[RECORD EXCERPTS — start]

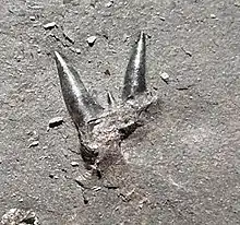Orthacanthus and Triodus have a predator-prey relationship where specifically there is predation of Orthacanthus on Triodus.[13] Cranial remains of specimens of both Orthacanthus and Triodus were from the Upper Carboniferous in Puertollano basin, Spain, and give evidence of this predator-prey relationship.[13] Numerous and well preserved cephalic elements of Triodus were associated with the cranial remains of Orthacanthus, and is explained by the inclusion of occipital spines of Triodus in the buccal cavity of Orthacanthus.[13] Additional evidence is the co-occurrence of one Orthacanthus spine with many Triodus spines, which likely penetrated the soft tissue and cartilage of the mouth of Orthacanthus, similarly to modern sharks that feed on stingrays where the spines of stingrays have been found within and around the buccal cavities of Carcharhinus, Galeocerdo, Negaprion and Sphyrna.
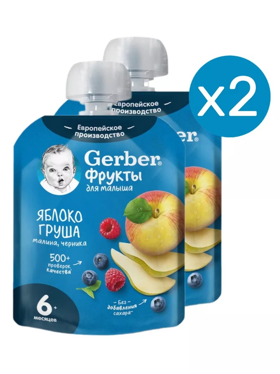 Фруктовое детское пюре Gerber яблоко-груша-малина-черника с 6 месяцев 90 г - это вкусное и полезное питание для вашего малыша.
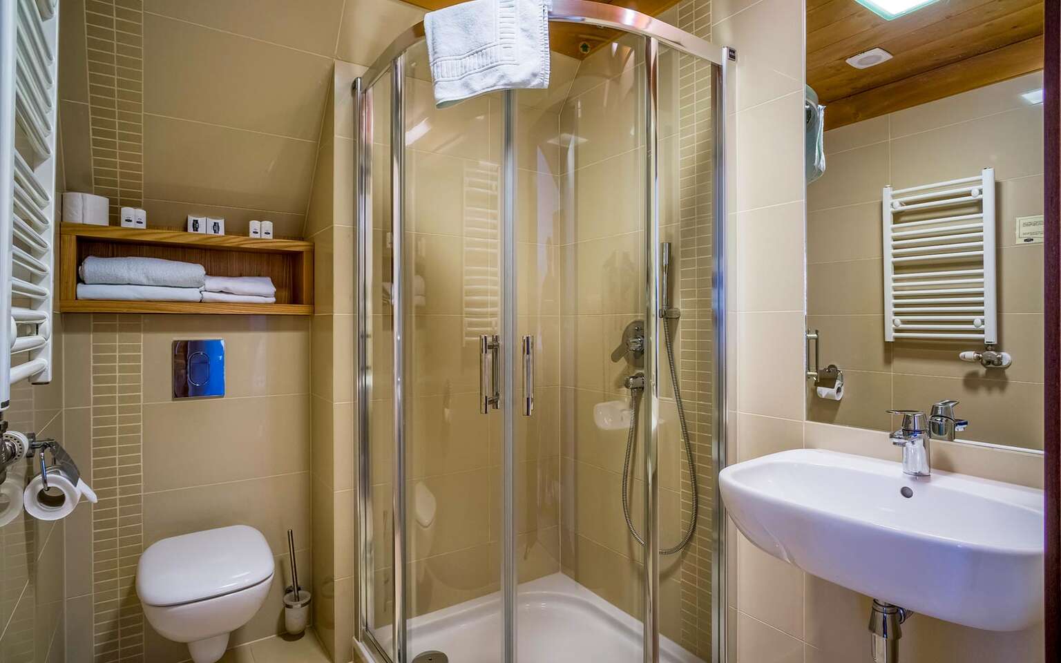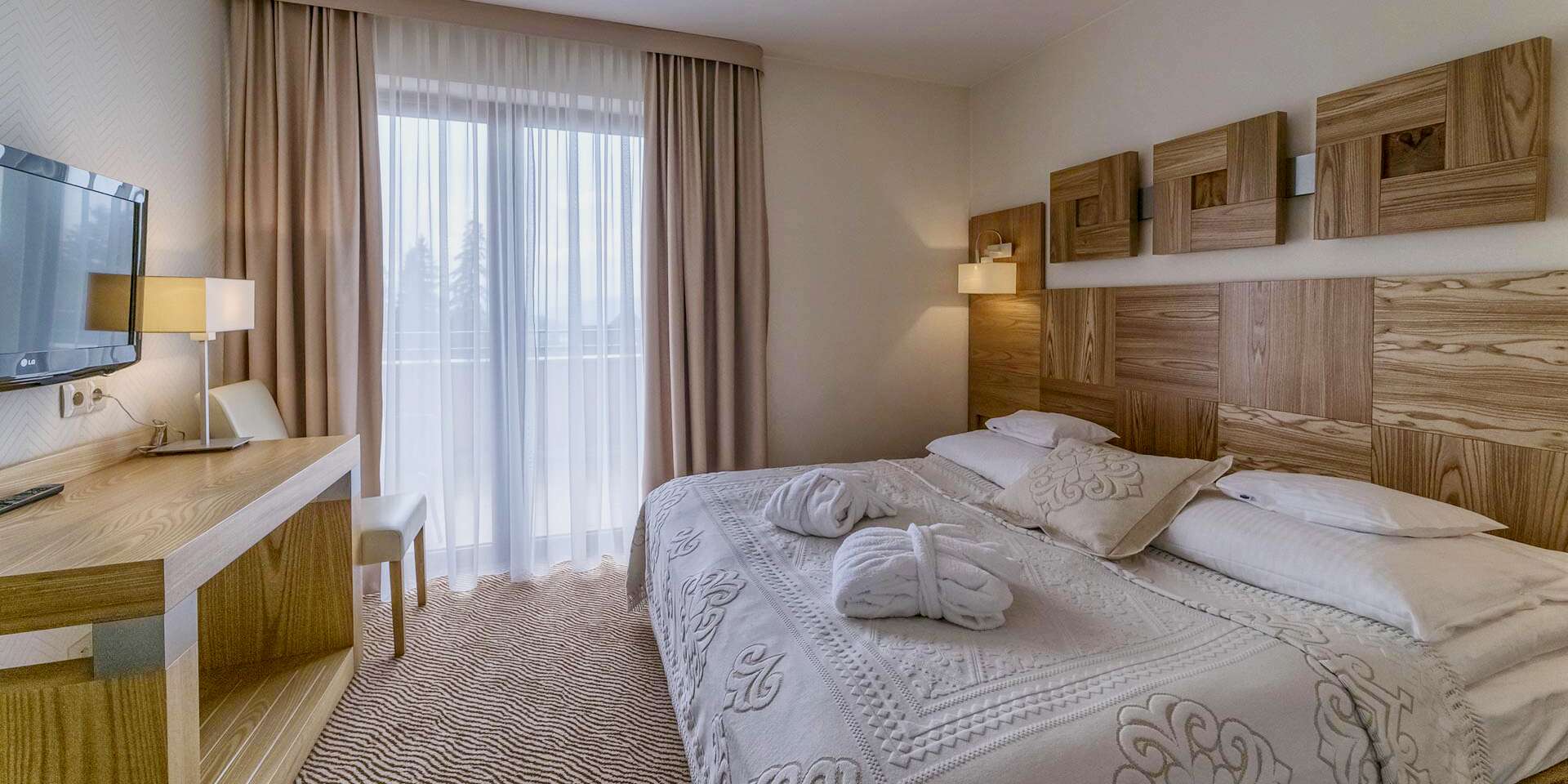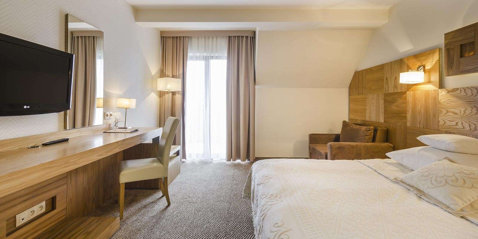 Poloha hotela je výnimočná, z väčšiny izieb môžete obdivovať majestátne Tatry. Moderné a priestranné hotelové izby sú vybavené LCD TV a prístupom na internet, kúpeľňou so sprchou a sušičom na vlasy. Väčšina izieb má tiež balkón.
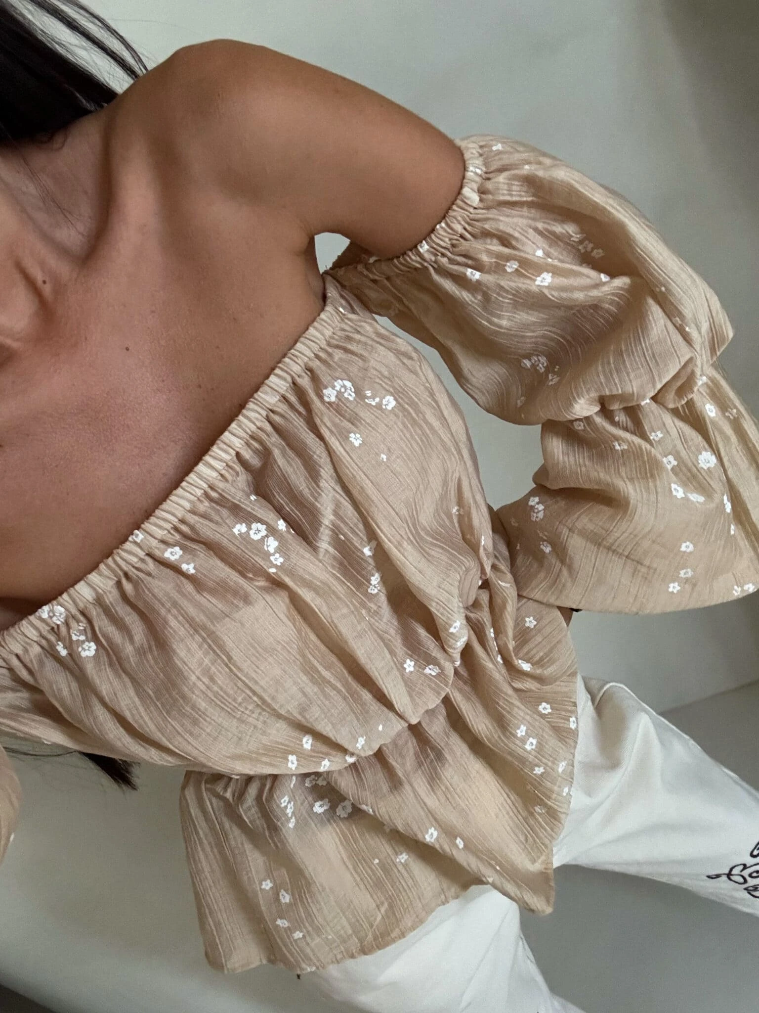 Bluzka hiszpanka MISS print kwiatuszki beżowe
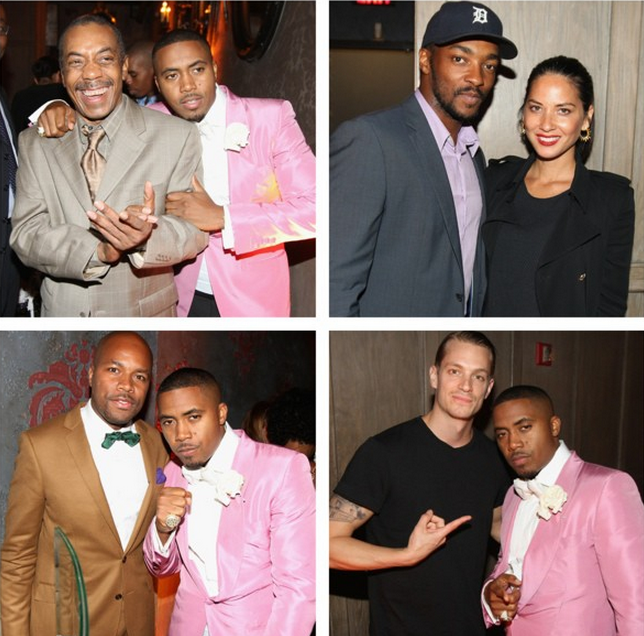 This week, rapper Nas celebrated his 40th birthday, lookin’ quite dapper in pink. The God’s Son brought out his daughter and father to the celebration, along with celebrity and industry friends including: Mariah Carey, Jermaine Dupri, Olivia Mumm, Anthony Mackey, Melanie Fiona and a few other familiar faces. Check out the candids.
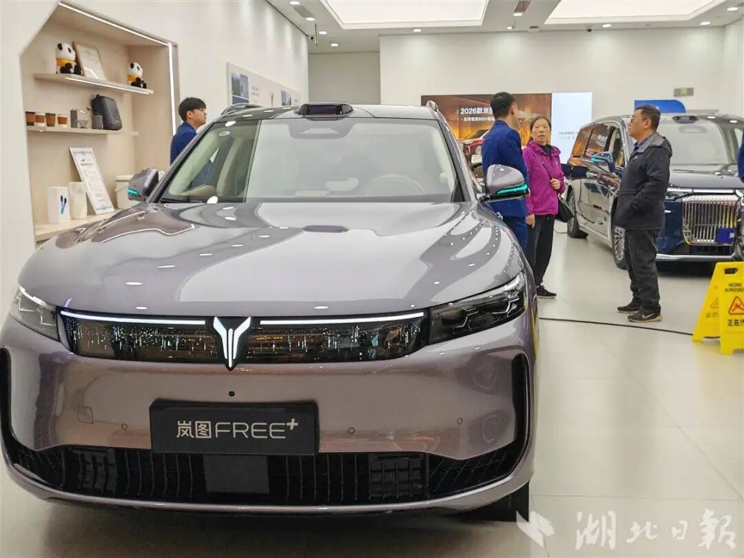 ▲消费者在岚图汽车武昌万象城门店挑选车辆
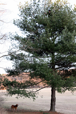 Frequent visitors to this blog realize that the arrival of spring is generally accompanied by an increased number of bird photo postings. This evening after work I captured the extremely elusive One-legged Fearless Nutjob perched high in one of our evergreens. This flightless species is quite rare because the male birds frequently fall to their deaths from high nests before having a chance to mate. It will take a skilled eye to spot this black feathered, white faced bird against the dark pine needles. Click on the photo if you need a magnified view.

[RECORD EXCERPTS — finish]

§ TASK BRIEF: Write out exactly the run of lines above that starts at the line containing "Фруктовое детское пюре" and ends at the line containing "Poloha hotela je". Include both, and leave the pictures out.

§ TASK ANSWER:
 Фруктовое детское пюре Gerber яблоко-груша-малина-черника с 6 месяцев 90 г - это вкусное и полезное питание для вашего малыша.
 Poloha hotela je výnimočná, z väčšiny izieb môžete obdivovať majestátne Tatry. Moderné a priestranné hotelové izby sú vybavené LCD TV a prístupom na internet, kúpeľňou so sprchou a sušičom na vlasy. Väčšina izieb má tiež balkón.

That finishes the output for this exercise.